Prompt Engineering Guide

20 minute read


Prompt Engineering

Prompt engineering is a discipline focused on crafting efficient prompts for large language models (LLMs). These skills aid in comprehending LLM capabilities and limitations. Researchers apply prompt engineering to enhance LLM performance in various tasks, from QA to arithmetic reasoning. Developers use it to create compelling interfaces for LLMs and other tools.

Beyond prompt design, prompt engineering encompasses a spectrum of skills essential for LLM interaction and development. Prompt engineering is a crucial competency for understanding and enhancing LLM capabilities, improving safety, and incorporating domain knowledge and external tools.

This guide compiles the latest papers, and models for prompt engineering to meet the growing interest in LLM development. In this blog post, I delve into the art of prompt engineering for LLMs, exploring a variety of strategies and techniques to craft effective prompts that harness the full potential of these robust AI systems. Whether you are a developer, researcher, or enthusiast, this resource will empower you to create prompts that yield insightful and contextually relevant responses.

In this guide, we divide the prompts into two distinct settings:

This division helps us explore specialized techniques and best practices for each type of prompt construction, ensuring that you have a comprehensive understanding of how to effectively engineer prompts for both scenarios.

Fill-in Slot Prompts for Prompt-based Learning

Prompt learning

Figure 1: The example of prompt-based learning for sentiment classification.

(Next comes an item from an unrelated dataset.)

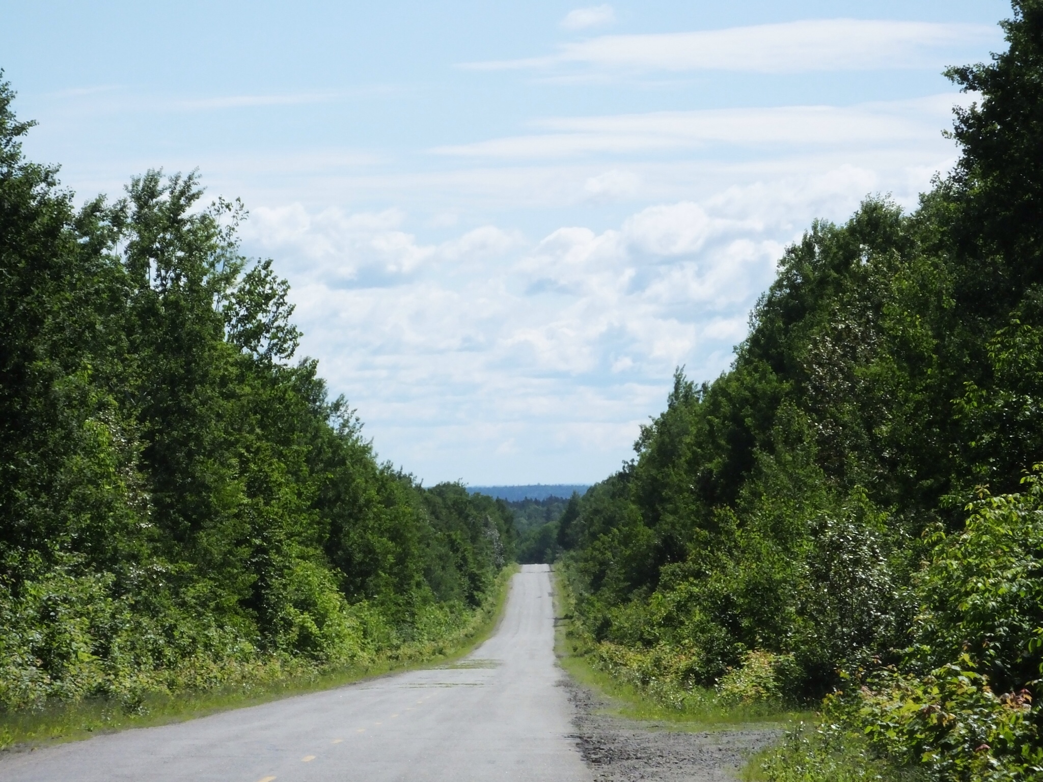 I didn’t ride nearly as many miles today as yesterday, but in some ways today’s ride was more challenging. I left the Interstate-like highway as quickly as I could after leaving Edmundston and headed cross country on a more scenic but much slower route. In fact, Highway 108 in New Brunswick is little more than a paved logging road since there are no businesses, no houses, no nothing except mile after mile of trees and hills. Signs warned drivers ahead of time that road conditions could be problematic, so I expected to go slow and I did. Posted speeds were 70 an 80 kph (42 and 48 mph) but I was usually under those speed limits trying to avoid road breaks and pot holes for about 85 miles. Still, given those challenges, I’m glad I left the four-lane highway and took the rustic route.

In contrast to traditional supervised learning, which trains a model to take an input $x$ and predict an output $y$ as $P(y|x)$, prompt-based learning relies on language models that directly model the probability of text1. In this paradigm, a textual prompt template with unfilled slots is applied to an input sentence $x$, transforming the downstream task into a Masked Language Modeling (MLM) problem. This reformulation empowers the language model to statistically fill in the unfilled slots, which can be considered as the predicted label $y$ for the specific task. For instance the prompt template $T$ for a sentiment classification task can be defined as follow:

T = x. The sentiment of the sentence is [MASK].

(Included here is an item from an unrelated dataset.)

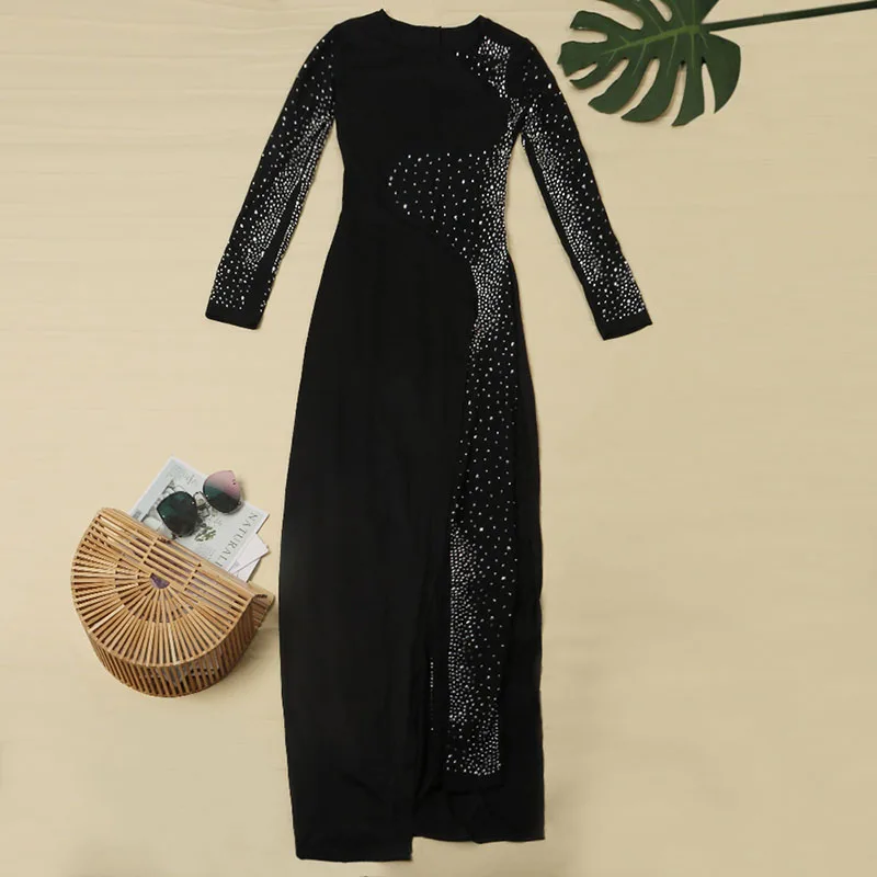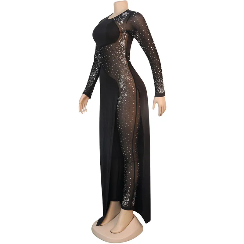 Красивый комбинезон Beyprern с кристаллами (черный), блестящий облегающий сетчатый комбинезон с блестками, цельный комбинезон, Клубная одежда для вечерние

where $x$ indicates the original input sentence.

In case of having an input sentence $x$ = That is an awesome product., applying the prompt template $T$ on the input sentence $x$, we will have the prompted input sentence $x^ \prime$ as:

x´ = That is an awesome product. The sentiment of the sentence is [MASK].

Given the prompted input sentnece $x ^\prime$, the language model will fill the unfilled mask token [MASK], which will be translated into one of the actual labels $y$ by a verbalizer (See Figure 1).

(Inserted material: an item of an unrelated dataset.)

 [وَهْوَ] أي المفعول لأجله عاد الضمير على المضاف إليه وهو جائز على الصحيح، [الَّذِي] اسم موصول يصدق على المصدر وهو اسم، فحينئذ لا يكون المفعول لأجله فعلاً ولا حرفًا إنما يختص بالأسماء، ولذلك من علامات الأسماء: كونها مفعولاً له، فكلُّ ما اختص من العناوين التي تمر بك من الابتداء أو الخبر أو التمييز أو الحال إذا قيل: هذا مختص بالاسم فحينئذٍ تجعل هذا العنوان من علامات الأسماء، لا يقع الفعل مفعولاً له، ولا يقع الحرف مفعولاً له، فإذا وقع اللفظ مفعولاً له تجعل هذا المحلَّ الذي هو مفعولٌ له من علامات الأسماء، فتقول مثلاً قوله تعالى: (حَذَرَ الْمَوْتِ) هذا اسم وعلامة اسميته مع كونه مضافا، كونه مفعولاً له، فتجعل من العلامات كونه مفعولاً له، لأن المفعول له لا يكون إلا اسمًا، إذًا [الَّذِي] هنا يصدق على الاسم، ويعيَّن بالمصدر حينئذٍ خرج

Prompts for Generative Large Language Models

Figure 2: Example of prompting LLMs on sentiment classification task.

LLMs, such as GPT-32 and Llama 23, are usually very good at generating grammatically correct and semantically meaningful text. However, despite their outstanding performance, they can produce false information, bias, and toxic text outside the user’s requirements. One approach to address this issue is to prompt LLMs with task-specific instructions and/or solved examples, helping them learn patterns and perform a range of NLP tasks based on the user’s expectations. In this setting a prompt can contain the following elements (See Figure 2):

  • Instruction: Clearly defines the specific task the LLM should perform.
  • Context: Offers additional context, including solved examples or supplementary information, to guide the model towards more contextually relevant responses.
  • Input Data: Specifies the input data on which the task is to be performed.
  • Output Indicator: Articulates the desired format for the model’s output.

It is important to note that while these elements can significantly enhance prompt effectiveness, they are not mandatory. Users have the flexibility to design and customize prompts according to their specific requirements and preferences.

Zero-Shot Prompting

As mentioned earlier, LLMs, trained on extensive data and finely tuned to follow instructions, can perform tasks with zero-shot ability. Zero-shot prompting involves providing a prompt that is not part of the training data to the model, yet the model can generate a result that the user desires. This promising technique further enhances the utility of LLMs for a wide range of tasks. Here is one example for zero-shot prompting:

Figure 3: Zero-shot prompting for sentiment classification.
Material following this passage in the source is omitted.